Nero, who was at that juncture sojourning at Antium, did not return to the city till the fire approached that quarter of his house which connected the palace with the gardens of Mæcenas; nor could it, however, be prevented from devouring the house and palace, and everything around. But for the relief of the people, thus destitute, and driven from their dwellings, he opened the Field of Mars and the monumental edifices erected by Agrippa, and even his own gardens. He likewise reared temporary houses for the reception of the forlorn multitude, and from Ostia and the neighbouring cities, were brought up the river household necessaries; and the price of grain was reduced to three sesterces the measure. All which proceedings, though of a popular character, were thrown away, because a rumour had become universally current, that “at the very time when the city was in flames, Nero, going on the stage of his private theatre, sang, ‘The Destruction of Troy,’ assimilating the present disaster to that catastrophe of ancient times.”
At length, on the sixth day, the conflagration was stayed at the foot of Esquiline, by pulling down an immense quantity of buildings, so that an open space, and, as it were, void air, might check the raging element by breaking the continuity. But ere the consternation had subsided, the fire broke out afresh, with no little violence, but in regions more spacious, and therefore with less destruction of human life; but more extensive havoc was made of the temples, and the porticoes dedicated to amusement. This conflagration, too, was the subject of more censorious remark, as it arose in the Æmilian possessions of Tigellinus; and Nero seemed to aim at the glory of building a new city, and calling it by his own name; for, of the fourteen sections into which Rome is divided, four were still standing entire, three were levelled with the ground, and in the seven others there remained only here and there a few remnants of houses, shattered and half consumed.
Nero appropriated to his own purposes the ruins of his city, and founded upon them a palace [the “Golden House”] in which the old-fashioned, and, in those luxurious times, common ornaments of gold and precious stones, were not so much the objects of attraction as lands and lakes; in one part, woods like vast preserves; in another part, open spaces and expansive prospects.

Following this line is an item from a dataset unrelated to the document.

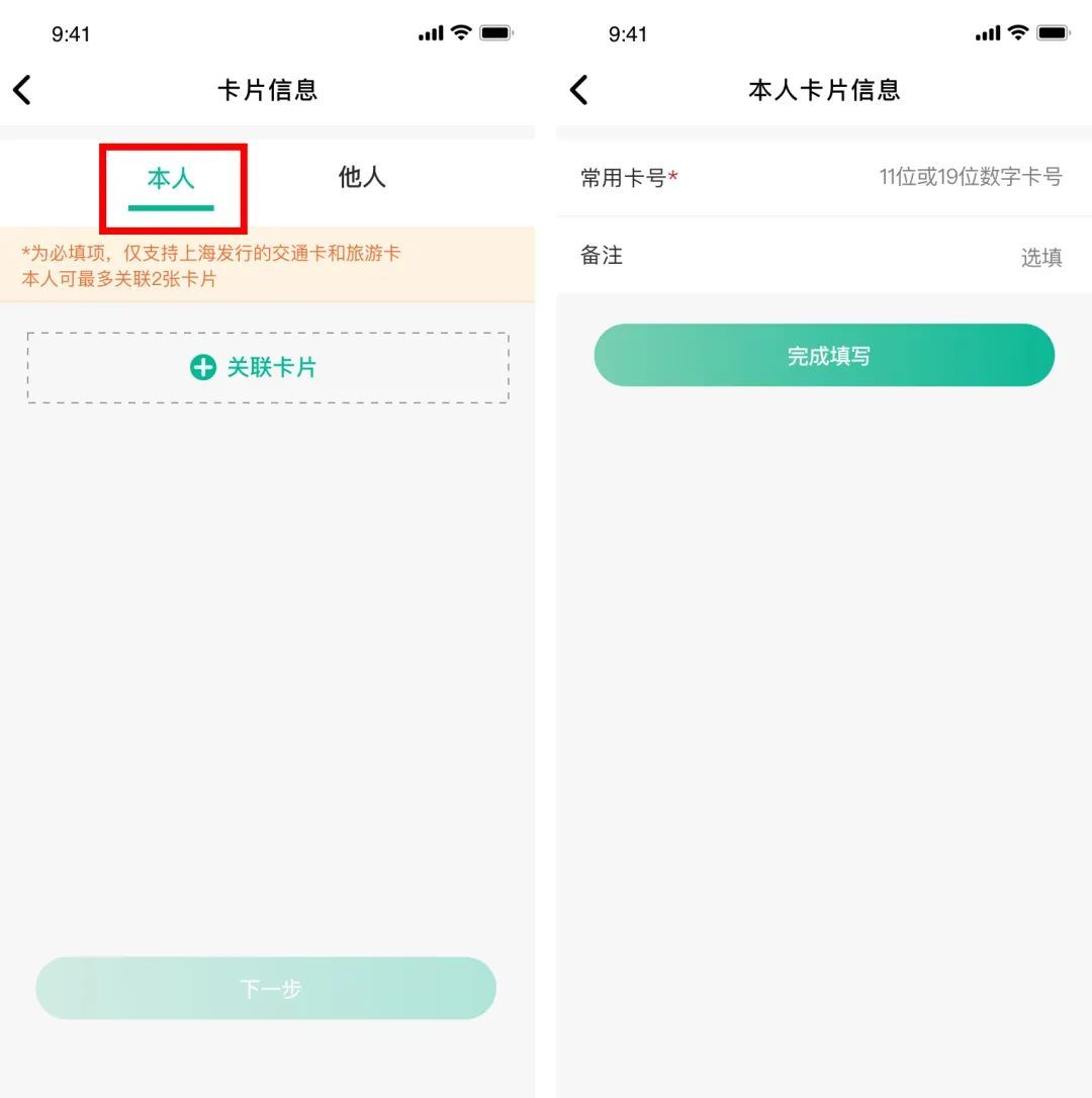1.您可输入关联您本人或他人(老人、视障人士、学生、幼龄儿童等特殊群体)常用的上海公共交通卡或上海都市旅游卡,您为本人可最多关联2张卡片。

The projectors and superintendents of this plan were Severus and Celer, men of such ingenuity and daring enterprise as to attempt to conquer by art the obstacles of nature, and fool away the treasures of the prince; they had even undertaken to sink a navigable canal from the lake Avernus to the mouth of the Tiber, over an arid shore, or through opposing mountains: nor indeed does there occur anything of a humid nature for supplying water, except the Pontine marshes; the rest is either craggy rock or a parched soil; and had it even been possible to break through these obstructions, the toil had been intolerable, and disproportioned to the object. Nero, however, who longed to achieve things that exceeded credibility, exerted all his might to perforate the mountains adjoining to Avernus: and to this day there remain traces of his abortive project.